About Great Noise Ensemble
With nineteen world premieres and counting, Great Noise Ensemble is a working embodiment of its mission to fight for the performance of new works and to promote emerging talent in contemporary music.
Great Noise Ensemble was born in 2005 through a listing placed on Craigslist.org by composer and conductor Armando Bayolo. Seven area musicians united by their passion for new music answered, and from this core group the ensemble has grown into the twenty instrumentalists and two singers which now comprise its core membership.
Since its first concert in January 2006, Great Noise Ensemble has become one of the most important en-sembles in the District of Columbia’s bourgeoning new music scene, winning The Washington Area Music Association’s 2007 “WAMMIE” Award for Best Chamber Ensemble. In its short four-year history, Great Noise Ensemble has performed the premieres of nineteen new works and presented concerts in venues ranging from intimate community concert spaces like the Patricia M. Sitar Center to prestigious locales such as the National Gallery of Art, the Hirshhorn Gallery and Sculpture Garden and the John F. Kennedy Center for the Performing Arts.
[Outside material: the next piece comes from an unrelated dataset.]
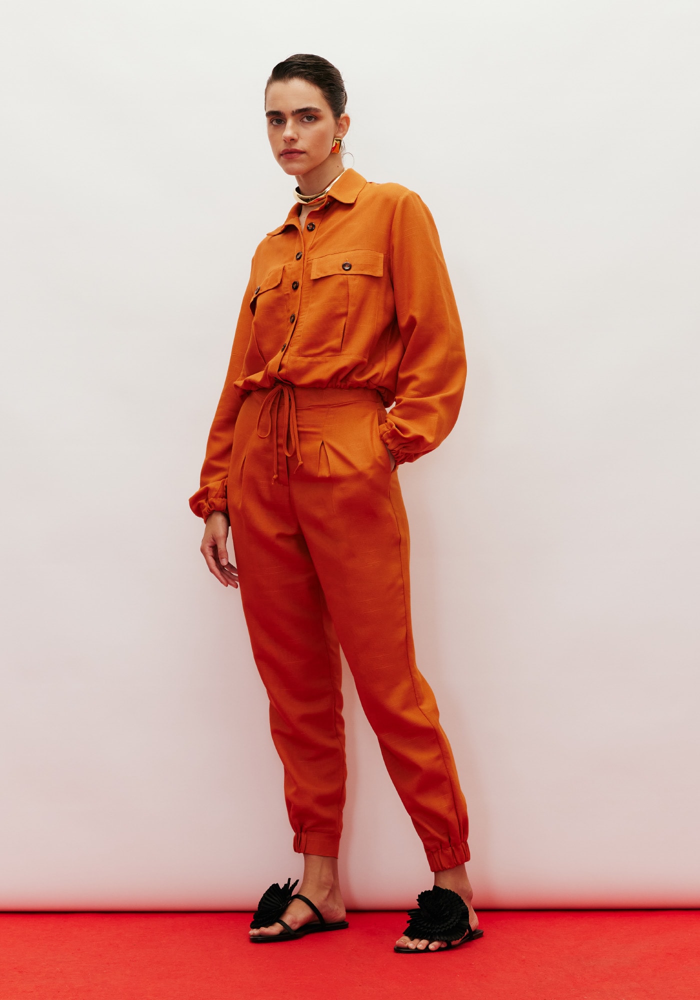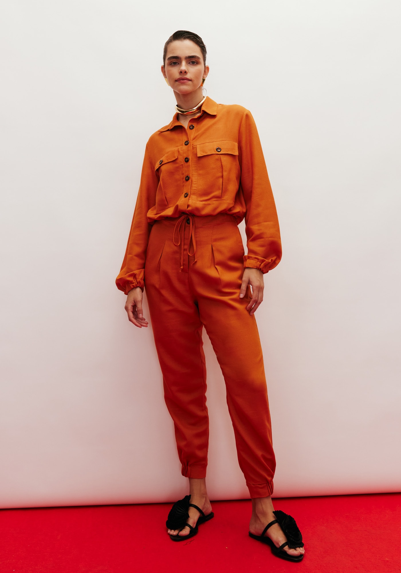 Confeccionada com umtecido 61% viscose e 39% algodão, a calça um modelo clássico, que cai super bemem qualquer look. A peça possui fechamento com botão e pregas que dão um toquediferenciado para a peça. A barra possui elástico, se ajustando perfeitamenteao corpo.

In 2008 Great Noise Ensemble began fulfilling its educational mission through its residence at The Catholic University of America’s Benjamin T. Rome School of Music by bringing four of its regular season programs to the university’s Ward Hall as well as providing student composers with professional quality readings of their works and working with student performers through coaching rehearsals of new works by student composers.
During the 2009-2010 season, Great Noise Ensemble will continue its residency at The Catholic University of America and return to perform at the Unitarian Universalist Church of Silver Spring and the National Gallery of Art. This season also brings seven world premieres of works by Armando Bayolo, Carlos Carrillo, Blair Goins, Geoffrey Gordon, Robert Paterson and D.J. Sparr and collaborations with Beth Ileana Schneider and Matt Gould of Duo 46 in December and the National Gallery of Art’s Vocal Arts Ensemble in January.